Revelation 22:20 "He which testifieth these things saith, Surely I come quickly. Amen. Even so, come, Lord Jesus." The last prayer of the Bible is two words in Aramaic — Maranatha — Come, Lord. It is the oldest prayer of the church, the cry that rose from the earliest gatherings of believers who had just watched their Lord ascend into heaven and had not stopped longing for his return.
Revelation ends where the whole story is headed: not with the detailed furniture of the new Jerusalem, not with the silence of creation holding its breath, but with a conversation — a promise spoken and a prayer breathed in answer.
He says: I come quickly. The word is not about speed measured in hours but about certainty measured in the character of the One who speaks. When God says quickly, he means without fail, without wavering, without the possibility of being turned aside.
Every century that has passed since this word was first spoken has not diluted the promise; it has only added to the gathering intensity of a longing that spans the generations. The church that truly understands what it is waiting for cannot help but pray with all its heart: Come.
To pray "Come, Lord Jesus" with sincerity is to have reached a particular maturity of faith. It is the prayer of those who have found the world insufficient and Christ surpassingly beautiful — who would not trade his presence for any alternative the age has to offer.
It is also the most missional prayer imaginable: it is prayed in full awareness that the delay of his coming is itself mercy, space for more to be gathered in before the harvest is complete. To long for his coming is to be willing to be his instrument in hastening it through faithful witness.
Digging Deeper
The closing benediction — the grace of the Lord Jesus be with you all — is the same note on which Paul closes virtually every epistle. The whole Bible, from creation to new creation, from Genesis to Revelation, ends with grace.

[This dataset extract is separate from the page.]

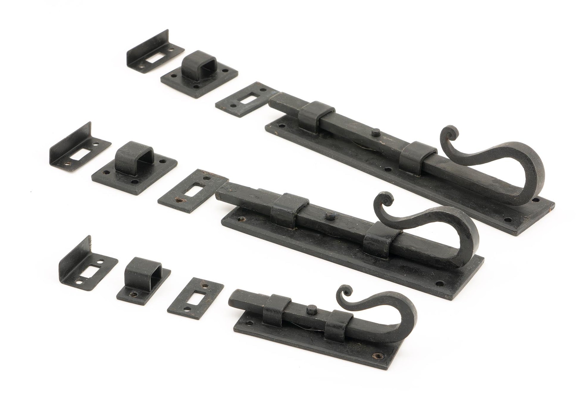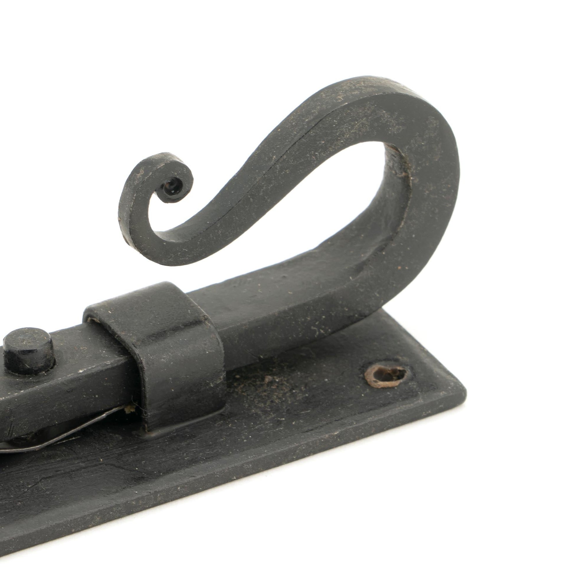 The image shows a beautifully crafted bolt, featuring classic styling and traditional hand-forged detailing. The gently sweeping crook shape at one end reflects artisan workmanship, while the bolt sits confidently alongside a set of coordinated fixings. Presented in a way that highlights its robust construction and designer influences, its distinctive silhouette ensures it can complement a variety of settings and architectural styles. The set exudes timeless charm, fitting harmoniously into both period and modern homes.

Not law. Not condemnation. Not a final tally. Grace. The last word of Scripture is an outpouring of the very thing that makes the story possible: the free, undeserved, inexhaustible favour of the Lord Jesus Christ, offered to all.
🪞 Reflect on this • When you pray "Come, Lord Jesus," what are you most longing for him to come and make right — in your life, your community, or the world? • How does the hope of Christ's return shape your attitude toward the discomforts and injustices of the present age?
• In what practical way can your longing for his coming express itself this week as faithful, urgent witness to someone around you? 👣 Take a Step — End with Maranatha For the next seven days, begin and end each day by praying simply: "Come, Lord Jesus."
Let those words shape how you enter your morning — expectant, surrendered, oriented toward eternity — and how you close your evening — grateful, hopeful, released from any need for today to be the whole story.
Keep a note of what shifts in your perspective over the week. Prayer: Come, Lord Jesus. Come to the places in my life where I have given up hoping. Come to the broken corners of this world that cry out for your justice and your peace.
Come and find me faithful — not perfect, but holding on, still loving you, still telling others you are worth everything. Until then, let your grace be with me and with all who call upon your name. Amen.